__Exercise goal__
A word-for-word copy of the data, pictures excluded, is what this task asks for.

__Collected material__
# # #

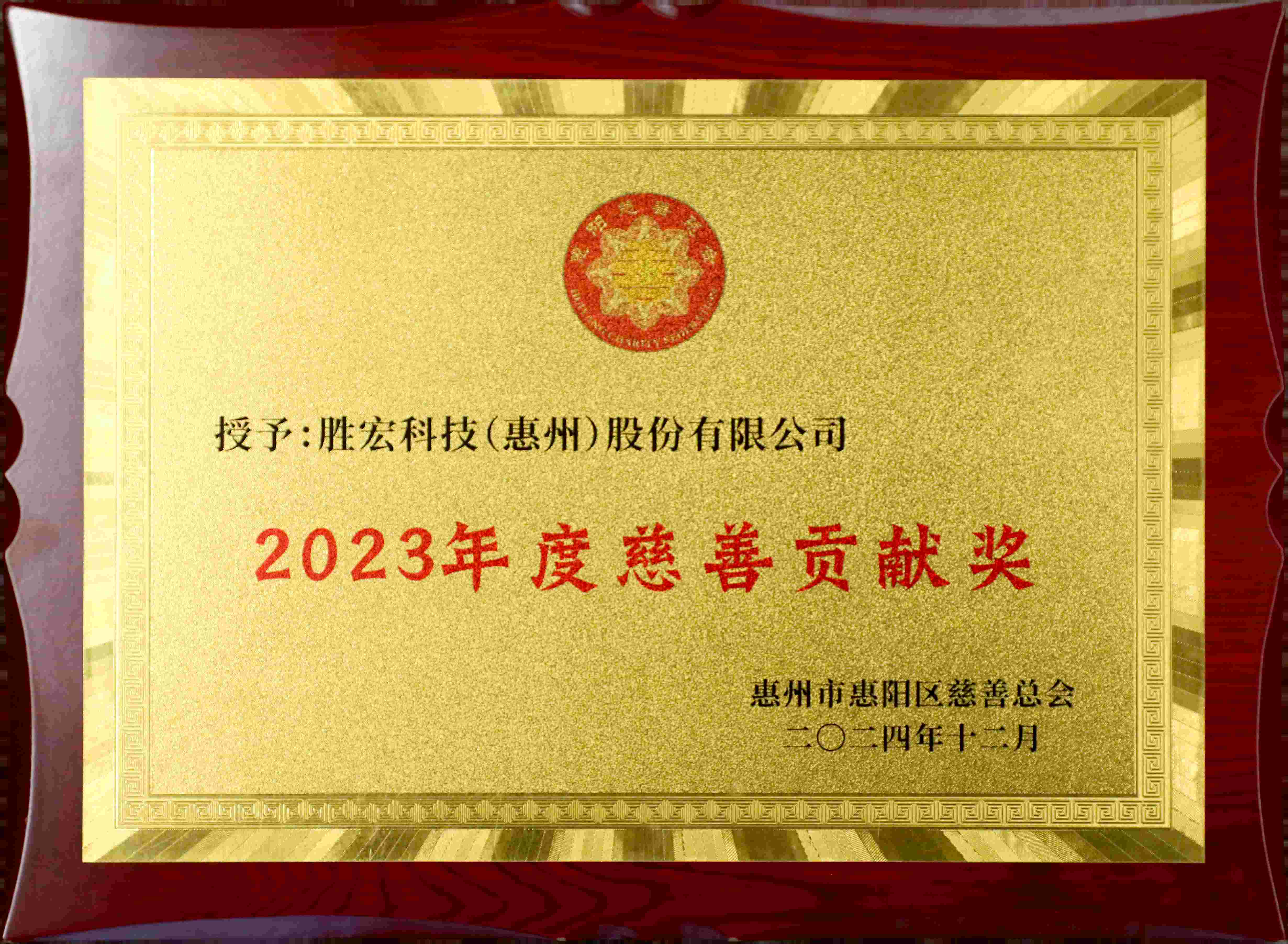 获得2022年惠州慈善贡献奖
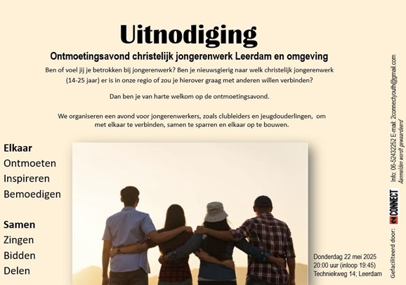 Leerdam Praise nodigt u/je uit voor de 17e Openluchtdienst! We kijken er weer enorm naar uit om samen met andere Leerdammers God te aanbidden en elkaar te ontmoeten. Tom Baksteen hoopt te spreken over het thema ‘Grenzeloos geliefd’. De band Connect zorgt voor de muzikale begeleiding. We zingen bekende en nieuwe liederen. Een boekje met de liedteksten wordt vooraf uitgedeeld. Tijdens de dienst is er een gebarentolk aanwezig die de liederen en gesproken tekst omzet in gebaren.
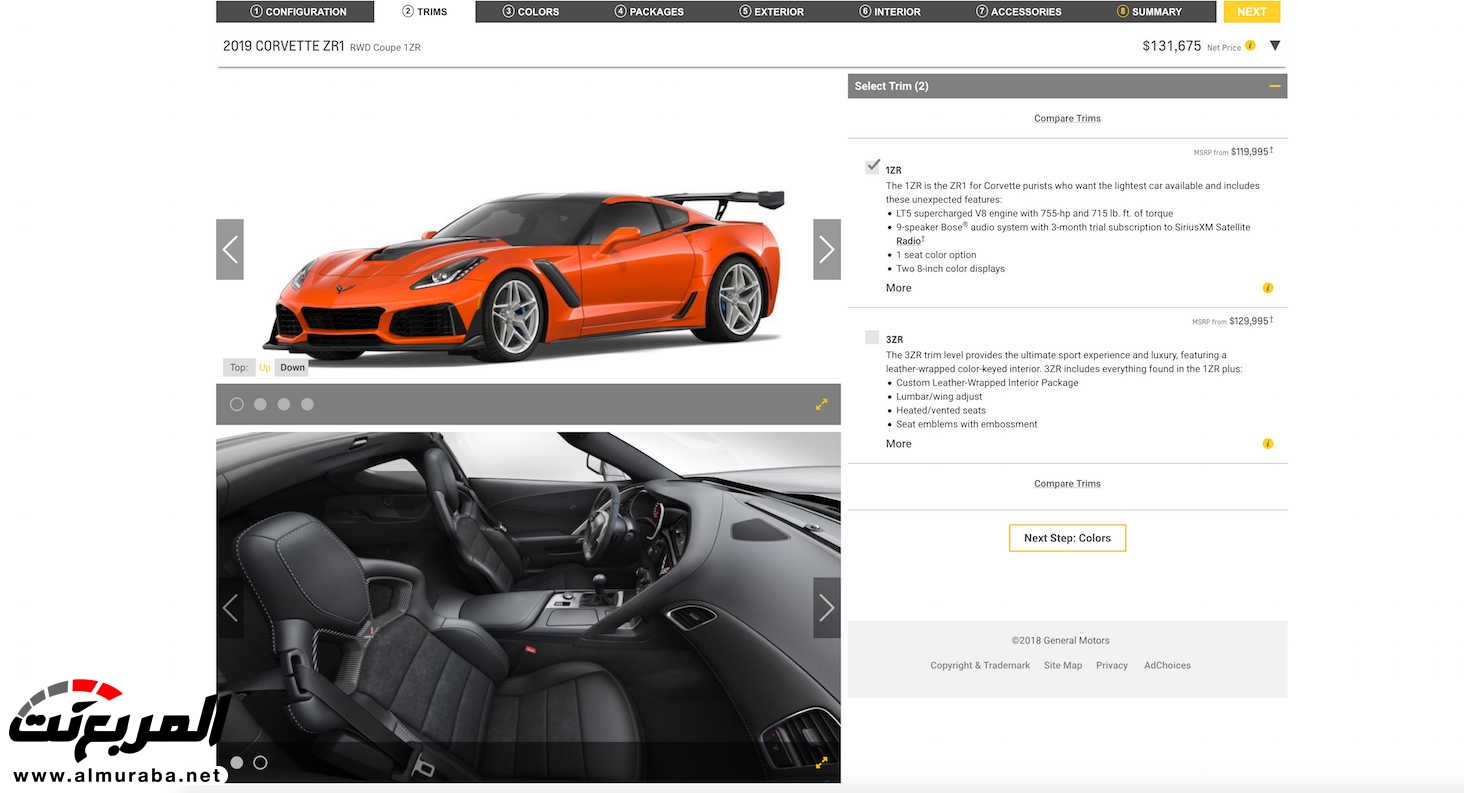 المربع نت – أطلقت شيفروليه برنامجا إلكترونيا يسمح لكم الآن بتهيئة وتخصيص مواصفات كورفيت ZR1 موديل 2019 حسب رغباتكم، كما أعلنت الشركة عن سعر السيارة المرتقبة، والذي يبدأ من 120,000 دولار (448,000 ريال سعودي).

# # #

__Completed task__
 获得2022年惠州慈善贡献奖
 Leerdam Praise nodigt u/je uit voor de 17e Openluchtdienst! We kijken er weer enorm naar uit om samen met andere Leerdammers God te aanbidden en elkaar te ontmoeten. Tom Baksteen hoopt te spreken over het thema ‘Grenzeloos geliefd’. De band Connect zorgt voor de muzikale begeleiding. We zingen bekende en nieuwe liederen. Een boekje met de liedteksten wordt vooraf uitgedeeld. Tijdens de dienst is er een gebarentolk aanwezig die de liederen en gesproken tekst omzet in gebaren.
 المربع نت – أطلقت شيفروليه برنامجا إلكترونيا يسمح لكم الآن بتهيئة وتخصيص مواصفات كورفيت ZR1 موديل 2019 حسب رغباتكم، كما أعلنت الشركة عن سعر السيارة المرتقبة، والذي يبدأ من 120,000 دولار (448,000 ريال سعودي).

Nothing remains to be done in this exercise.